Я передернула плечами и призвала крылья. Ничего не произошло.
Я попробовала еще раз, не сводя глаз с журавля, кружившего над самыми камышами. Сосредоточилась на его изящных крыльях, вспоминая ощущение несущегося навстречу воздуха, движение сильных мышц в полете. Но крылья так и не появились.
Окунувшись в воду, я помылась. Мои крылья, благословение Ашеры, оставили меня. Ее дар исчез вместе с Ее затухающей силой.
Мы пустились в дорогу, не поев, идя по следам леопардицы, которую я видела на рассвете. Оставив многоводные болота позади, мы оценили дальнейший путь.
По словам жрицы, вход в подземное царство лежал на дальней стороне гор. Следовало подняться в предгорье, где в осеннее равноденствие встает солнце. Там найти тропу, ведущую к горному перевалу. Спустившись с вершины и двигаясь прямо на восток, мы должны были выйти к пастушьей хижине, отмечающей пещеру, из которой идет лестница в темные чертоги Эрешкигаль.
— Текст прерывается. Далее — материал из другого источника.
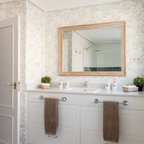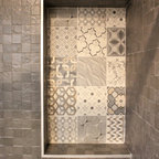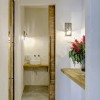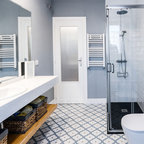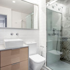 Inredning av ett eklektiskt mellanstort badrum med dusch, med släta luckor, vita skåp, en hörndusch, beige väggar och ett integrerad handfat — Houzz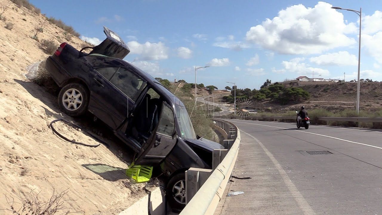Nuevo accidente de tráfico en Melilla. Un vehículo volcó esta madrugada en la rotonda del aeropuerto de Melilla y tuvo ...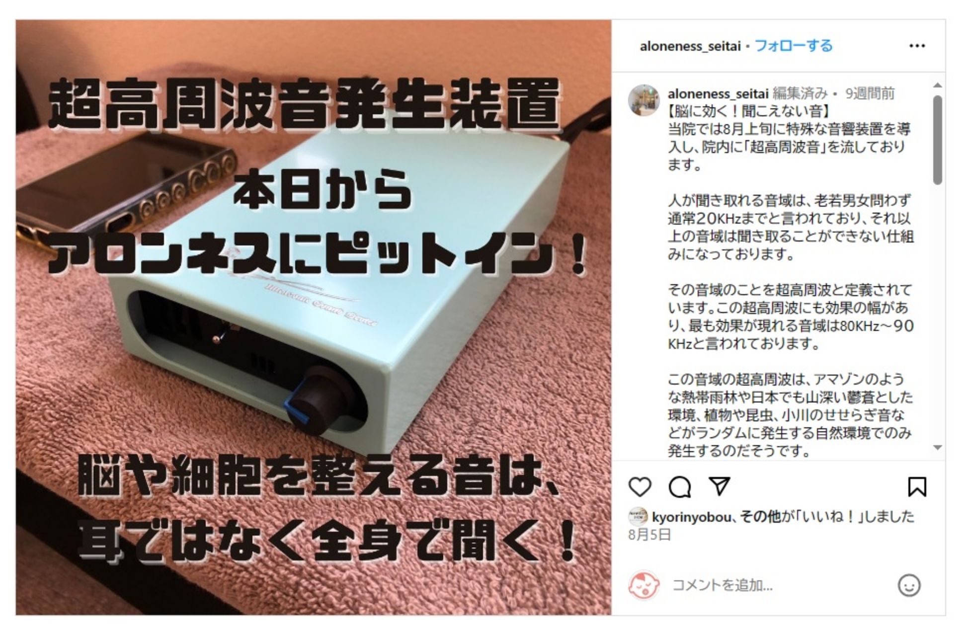 こちらの整体院では、弊社の音響機器「USD」と「ミニ・フロイデ・システム」をご導入いただき、施術室に設置しておられています。(https://alonenessbody.com/)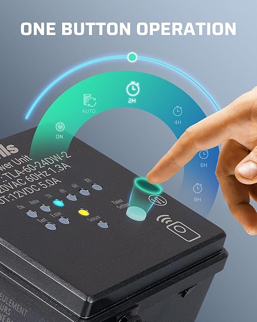 - [Auto Dusk to Dawn & Timer] Dewenwils landscape lighting transformer features a photocell sensor and timer - auto ON at dusk and OFF at dawn, or countdown to turn off after 2/4/6/8 hours; memory function remains your previous settings even after a power outage(Please note the transforemr not for Halogen light)
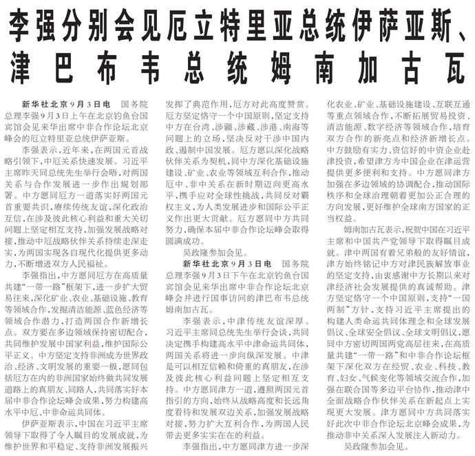 国务院总理李强9月3日上午在北京钓鱼台国宾馆会见来华出席中非合作论坛北京峰会的厄立特里亚总统伊萨亚斯。(今日《人民日报》4版)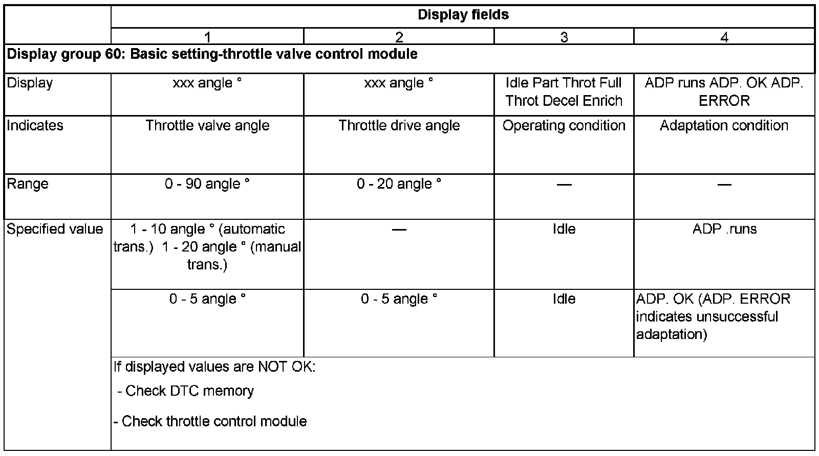 After confirming in put of display group 60, adaptation is started. The Throttle Position (TP)sensor is positioned in the closed throttle, wide open throttle and limp-home positions. Following this procedure, other intermediate steps will create a characteristic curve of the relationship between Throttle Position (TP) sensor-G69- and angle sensor for throttle drive -G187-.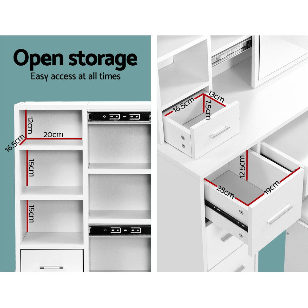 Beauty is in the eye of the beholder. And our Artiss Dressing Table Set is definitely a beauty to behold. Made of sturdy particle board with melamine finish, the dressing table is embellished with many practical features. Behind the sliding mirror lies hidden storage shelves for personal essentials. Plus, the three open shelves also provide a myriad of display space for all your makeup, fashion accessories and more. The dressing table also comes with five drawers of various sizes for extra storage options, with the main drawer being lockable. It offers ample legroom too for you to groom with minimum hassle and a well-padded stool completes the ensemble. Not least, the smooth and impeccable white finish makes for an easy blend with any decor as well as hassle-free maintenance. Create your own personal styling zone with our beautiful and functional dressing table set.

По моим расчетам, равноденствие прошло два дня назад. Оглядывая холмы, я заметила неровную зазубрину, понижение в линии древесных верхушек: несомненно, там и была тропа.
К середине утра мы достигли поросшей маками долины, которую видели с берега. Мои опасения, что мы идем слишком медленно, не ослабевали. Повсюду мне виделись дурные знамения, багровые цветы напоминали бескрайнее озеро крови. Но худшее ждало нас впереди.
Темная туча жужжала и гудела над трепещущими лепестками. Адам отказывался идти. Чтобы вести мула дальше, понадобились все наши усилия: Самаэль тянул за уздечку, а я толкала животное сзади. Только подойдя совсем близко, мы разглядели, что туча состоит из мух – миллионов мух. Они облепили нам глаза и губы, оставляя отвратительный привкус на языке. Мы оторвали пару полосок ткани от моего подола и, обернув ими лица, поплелись по тропе вслепую.
Миновав полчище насекомых, мы подошли к подножию холмов, засеянному пшеницей. Урожай уже должен был созреть, но стебли были изъедены, а зерна обратились в песок. Землю усеивала мертвая саранча. Сухие тельца насекомых хрустели под ногами при каждом шаге. Среди листьев и стеблей виднелись оранжевые яйца – предвестники нового опустошения. На скалистом выступе каркали вороны.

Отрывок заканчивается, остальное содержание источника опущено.